Após a reunião, a reportagem presenciou o homem visitando
comércios da ocupação. Ele recebeu dinheiro em alguns deles.
Procurado pela reportagem, o MIVM (Movimento Independente de
Luta por Habitação da Vila Maria) não quis comentar o caso nem disse quem eram
os dois homens que entraram na ocupação e participaram da reunião.
O movimento questionou se a reportagem estava exercendo
papel de órgão de investigação policial por não ter se identificado durante a
visita à ocupação. O terreno pertence a uma empresa de Pernambuco com dívidas
com o governo federal. O movimento conseguiu, na Justiça, revogação de quatro
reintegrações de posse.
Cobrança divide
urbanistas e movimentos
Ocupação virou mercado informal, diz especialista; em prédio no centro,
quem não paga tem que deixar o local
MMM, MLSM,
LMD, MSTS, MSTC, MMPT. Os movimentos de moradia que atuam em São Paulo
parecem "uma sopa de letrinhas", afirma Evaniza Rodrigues, 46 anos e
28 de militância na UMM (União dos Movimentos de Moradia).
"Há muitas siglas novas, e movimentos não se reconhecem
na sua identidade", diz. Outras lideranças antigas avaliam que a região
central virou um "balcão de especulação imobiliária de pobre".
Para a urbanista Raquel Rolnik, professora da FAU-USP e
colunista da Folha, "não existe acesso ao solo que não seja
mercantilizado".
"Diante da emergência habitacional, a ocupação virou
alternativa à favela, um novo mercado informal", diz. "É mais barato
morar numa ocupação do que num cortiço."
Ana Sherles Dantas da Silva, 31, estava grávida quando seu
marido perdeu o emprego e eles foram despejados com seus dois outros filhos.
"Percorri três movimentos sem-teto, mas, como estava sem dinheiro na
época, só um deles me acolheu", diz.
Segundo a Prefeitura de São Paulo, o deficit habitacional da
capital é de 230 mil moradias, e 89 mil famílias vivem em condições precárias.
A gestão Haddad (PT) prometeu entregar 55 mil moradias até o
fim de 2016. Até agora, só entregou 8.394 (15,3%).

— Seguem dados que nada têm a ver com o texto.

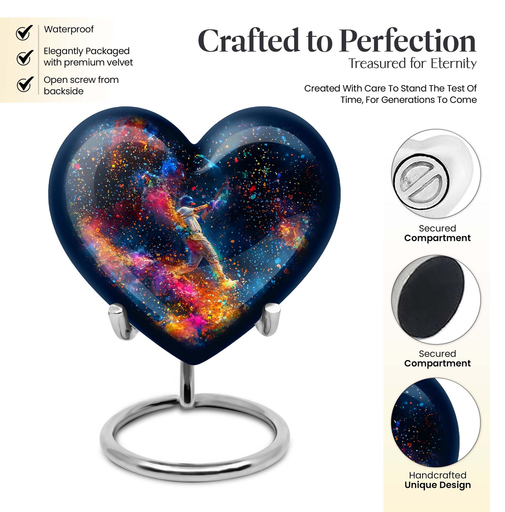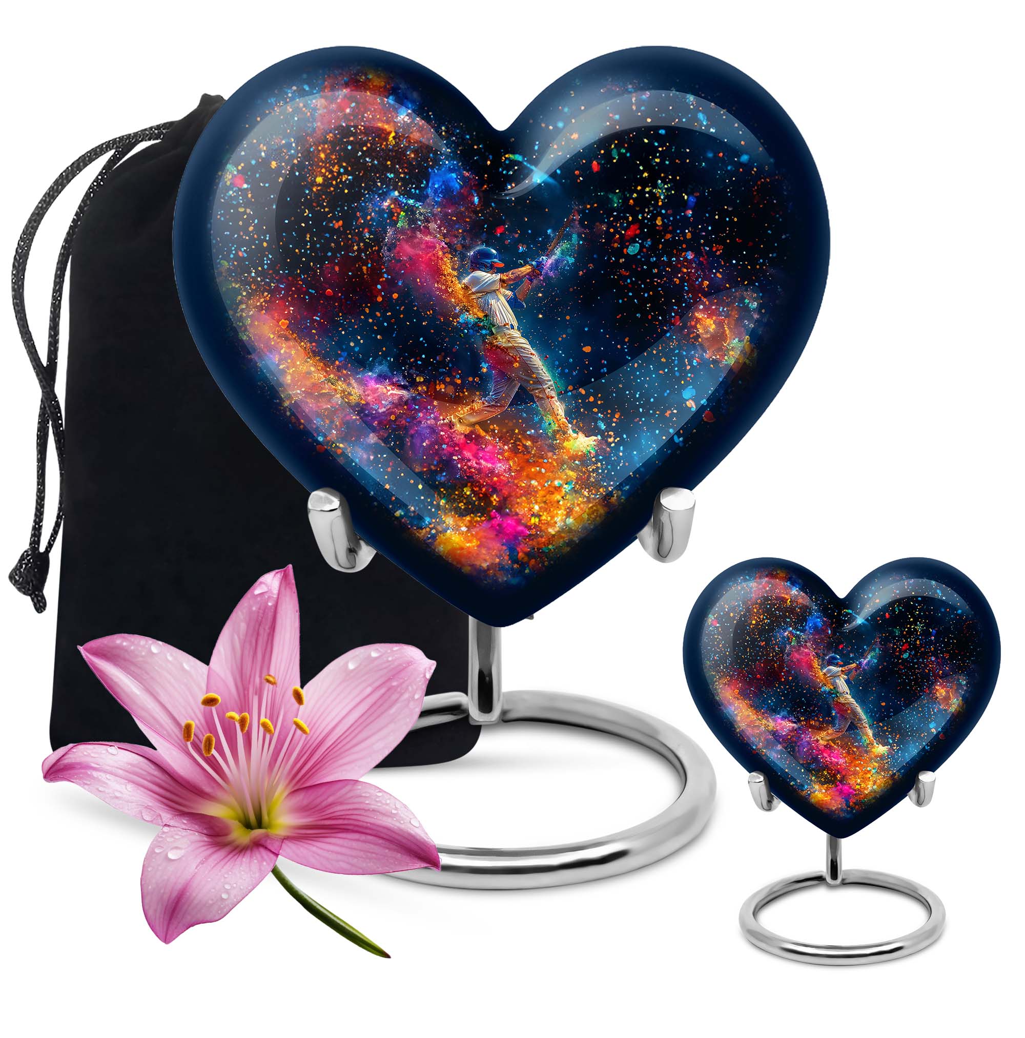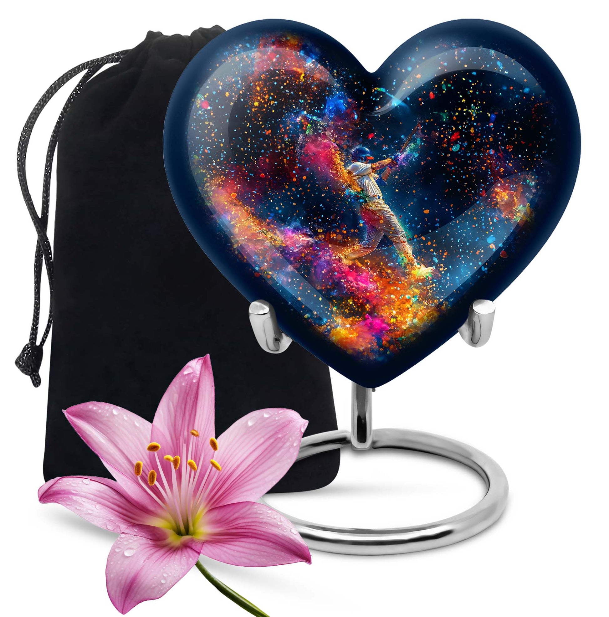 Introducing the 10-inch baseball urn, a remarkable cremation large urn for ashes, crafted meticulously for your memorial needs. This splendid heart urn, a nonpareil of its kind, promises you a lasting tribute to your beloved. Weighing a mere 3.3 pounds and standing 10 inches tall, this aluminium-made urn is designed to hold up to 200 cubic inches of your cherished one's ashes. The butterfly theme offers a gentle reminder of the fragility of life, inviting healing and reflection. This significant piece has been thoughtfully engineered to accommodate both adult and senior collectors. Our package is completed with a velvet pouch, perfect for safe containment of the ashes. The ultimate personal touch is bestowed with the availability of name engraving. Keywords like 'cremation medium urns, human ash urn, funeral gifts, metal urns for human ashes' might guide you here, but the unique experience this cremation urn offers truly sets it apart. Seize the chance to immortalize your loved one's memory with this timeless piece.

Segundo especialistas, contribui para a crise da habitação a
combinação de aumento de aluguéis, aliado à disponibilidade de crédito, entre
2003 e 2013, e à redução das políticas habitacionais ao programa federal Minha
Casa, Minha Vida.
"O Minha Casa Minha Vida não atende a boa parte da
demanda atual de moradia, que não é de casa própria na periferia para famílias,
mas de aluguel barato na região central para mães solteiras e idosos", diz
Rolnik.
INQUÉRITO
O Ministério Público informou que as denúncias recebidas
pela Promotoria da Habitação se referem a algumas das siglas que atuam na
cidade e que o inquérito foi dividido entre o Ministério Público Federal, no
caso de grupos de atuação nacional, e a Promotoria Criminal.

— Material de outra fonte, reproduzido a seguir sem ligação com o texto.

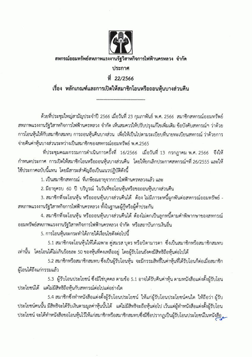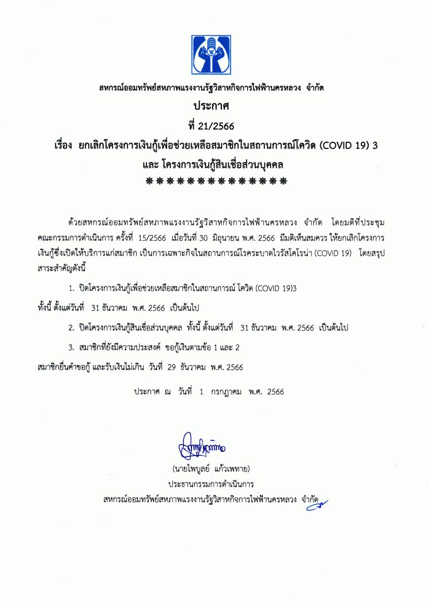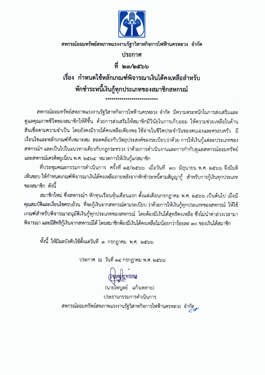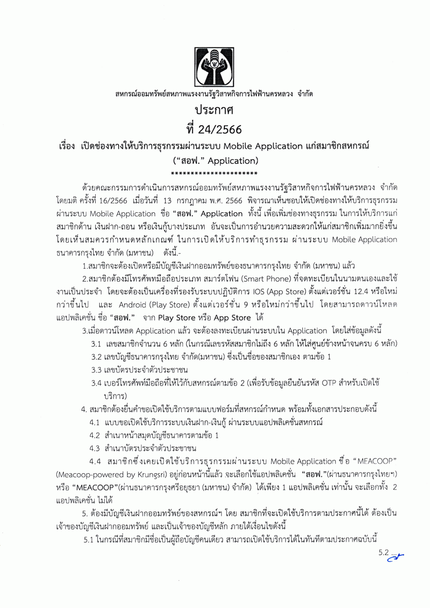 ประกาศที่ 24/2566 เรื่อง เปิดช่องทางให้บริการธุรกรรมผ่านระบบ Mobile Application แก่สมาชิกสหกรณ์ ("สอฟ." Applacation)

Em um depoimento, o morador de um prédio da FLM (Frente de
Luta por Moradia) diz que, em caso de atraso do pagamento por três meses,
coordenadores cobram uma espécie de multa de R$ 50 por mensalidade vencida e
impedem o morador de receber visitas. Segundo o denunciante, quem falta a
reuniões ou a protestos pode sofrer sanções como corte de luz e água.

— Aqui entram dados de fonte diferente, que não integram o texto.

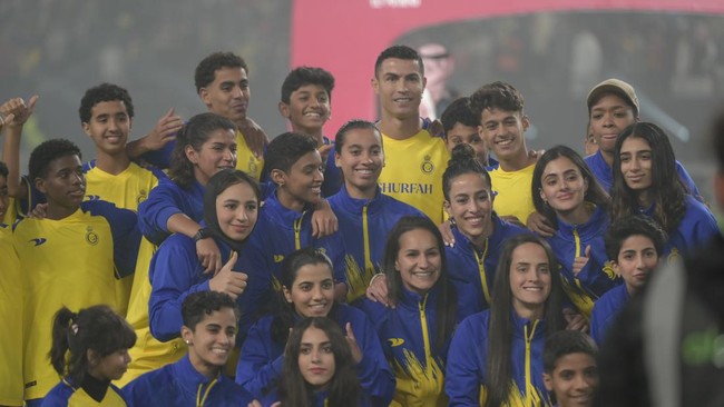 Jakarta - Cristiano Ronaldo resmi diperkenalkan klub Liga Arab, Al Nassr di stadion Mrsool Park, Arab Saudi. Ronaldo juga bertemu dengan rekan setim barunya di ruang ganti.

Procurada, a FLM nega as práticas. "Nossas portas estão
abertas para o Ministério Público", diz a coordenadora Heloísa Soares.
Para o sociólogo Edson Miagusko, autor de "Movimentos
de Moradia e Sem-Teto de São Paulo" (Alameda Editorial), "qualquer
tipo de cobrança que é obrigatória deixa de ser uma contribuição".
"Esse modelo se aproxima das formas antigas do leão de
chácara dos cortiços, que dividia espaços e cobrava aluguel por coerção",
diz.
No hall de uma das ocupações do MLSM em São Paulo, um cartaz escrito à mão avisava: "Senhores moradores, precisamos acertar a contribuição até 25/07/2015. Caso contrário, iremos pedir para deixar o espaço."